### [Task statement]
From the first line to the last, retype everything below exactly, minus the pictures.

### [Available data]
_____
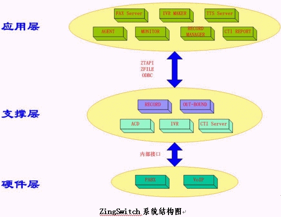 在以上三層結(jié)構(gòu)中,前兩層與具體業(yè)務(wù)系統(tǒng)無(wú)關(guān)。上層業(yè)務(wù)系統(tǒng)的多種變化,不會(huì)影響下層的穩(wěn)定;而下層規(guī)范地進(jìn)行優(yōu)化和擴(kuò)展后,上層的所有應(yīng)用都可在業(yè)務(wù)功能上得到擴(kuò)展。這樣,用戶(hù)的業(yè)務(wù)應(yīng)用系統(tǒng)自身可以有多種功能和性能的變動(dòng)和擴(kuò)展,同時(shí),當(dāng)基于ZingSwitch一體化交換機(jī)的呼叫中心系統(tǒng)平臺(tái)在進(jìn)行擴(kuò)容、升級(jí)的時(shí)候,原來(lái)已經(jīng)無(wú)縫掛接其上的用戶(hù)的業(yè)務(wù)應(yīng)用系統(tǒng)也無(wú)需任何更改即可運(yùn)行。
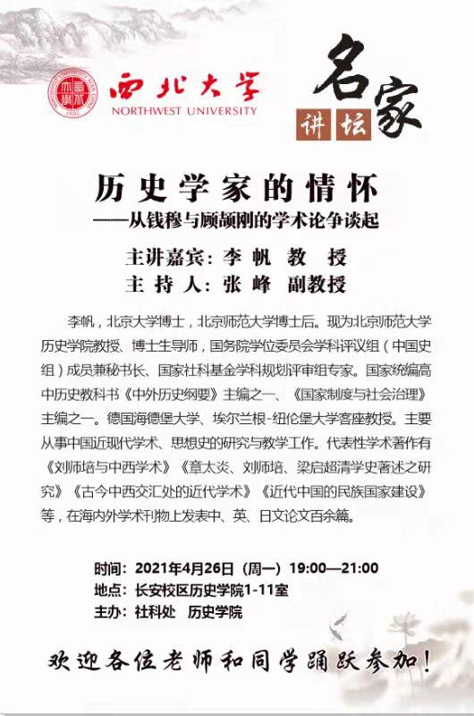 名家讲坛:历史学家的情怀——从钱穆与顾颉刚的学术论争谈起
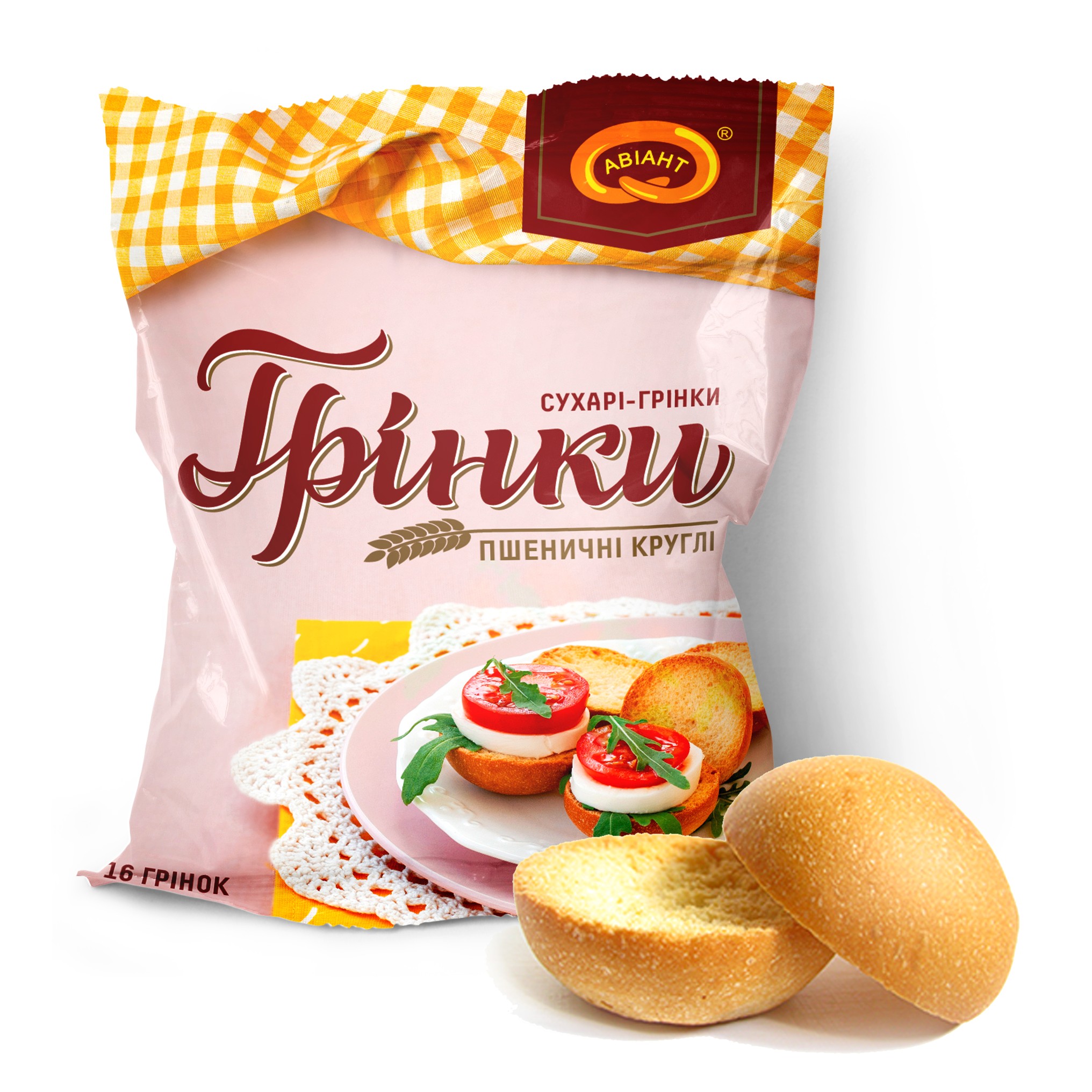 Křupavé oválné suchary-krutonky značky Aviant jsou ideální svačinou k pivu, polévce nebo jen tak na každý den. Vyrobeny z kvalitního chleba, dozlatova opečené a dochucené aromatickým kořením. Díky praktickému balení o hmotnosti 70 gramů jsou ideální na cesty nebo piknik.
_____
### [Task solution]
 在以上三層結(jié)構(gòu)中,前兩層與具體業(yè)務(wù)系統(tǒng)無(wú)關(guān)。上層業(yè)務(wù)系統(tǒng)的多種變化,不會(huì)影響下層的穩(wěn)定;而下層規(guī)范地進(jìn)行優(yōu)化和擴(kuò)展后,上層的所有應(yīng)用都可在業(yè)務(wù)功能上得到擴(kuò)展。這樣,用戶(hù)的業(yè)務(wù)應(yīng)用系統(tǒng)自身可以有多種功能和性能的變動(dòng)和擴(kuò)展,同時(shí),當(dāng)基于ZingSwitch一體化交換機(jī)的呼叫中心系統(tǒng)平臺(tái)在進(jìn)行擴(kuò)容、升級(jí)的時(shí)候,原來(lái)已經(jīng)無(wú)縫掛接其上的用戶(hù)的業(yè)務(wù)應(yīng)用系統(tǒng)也無(wú)需任何更改即可運(yùn)行。
 名家讲坛:历史学家的情怀——从钱穆与顾颉刚的学术论争谈起
 Křupavé oválné suchary-krutonky značky Aviant jsou ideální svačinou k pivu, polévce nebo jen tak na každý den. Vyrobeny z kvalitního chleba, dozlatova opečené a dochucené aromatickým kořením. Díky praktickému balení o hmotnosti 70 gramů jsou ideální na cesty nebo piknik.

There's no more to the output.